### PROBLEM TO SOLVE:
Write out, without any change, the lines in the material below that run from the line with "牧森奶油奶酪蓝纹风味即食涂抹面包奶油芝士蒜香味减少脂干酪200g" through the line with "Das Segelglas einer", both included.

Start of GIVEN DATA

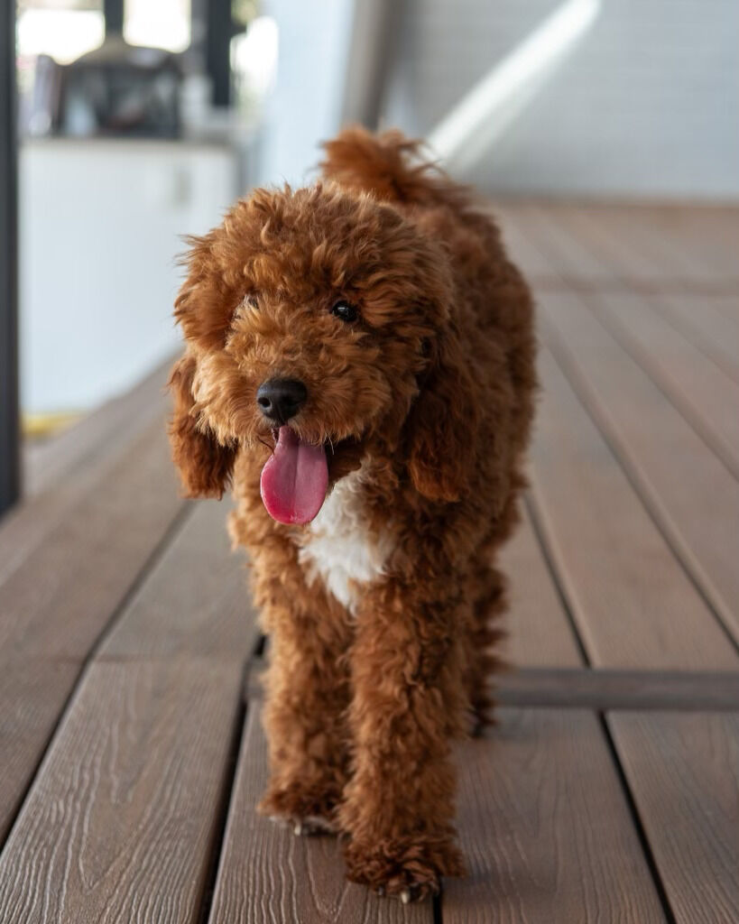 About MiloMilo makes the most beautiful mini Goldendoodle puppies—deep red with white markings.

End of GIVEN DATA
Start of GIVEN DATA

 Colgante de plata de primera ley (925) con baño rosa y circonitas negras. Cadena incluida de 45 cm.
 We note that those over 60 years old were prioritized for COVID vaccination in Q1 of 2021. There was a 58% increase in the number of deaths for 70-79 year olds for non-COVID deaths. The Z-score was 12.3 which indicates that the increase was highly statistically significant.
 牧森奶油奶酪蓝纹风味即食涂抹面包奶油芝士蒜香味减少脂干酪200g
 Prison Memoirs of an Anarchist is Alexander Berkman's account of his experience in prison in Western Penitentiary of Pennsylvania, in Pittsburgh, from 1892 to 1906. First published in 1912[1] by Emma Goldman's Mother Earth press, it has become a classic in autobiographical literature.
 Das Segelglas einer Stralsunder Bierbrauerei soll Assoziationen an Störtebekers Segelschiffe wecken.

End of GIVEN DATA

### RESULT OF THE TASK:
 牧森奶油奶酪蓝纹风味即食涂抹面包奶油芝士蒜香味减少脂干酪200g
 Prison Memoirs of an Anarchist is Alexander Berkman's account of his experience in prison in Western Penitentiary of Pennsylvania, in Pittsburgh, from 1892 to 1906. First published in 1912[1] by Emma Goldman's Mother Earth press, it has become a classic in autobiographical literature.
 Das Segelglas einer Stralsunder Bierbrauerei soll Assoziationen an Störtebekers Segelschiffe wecken.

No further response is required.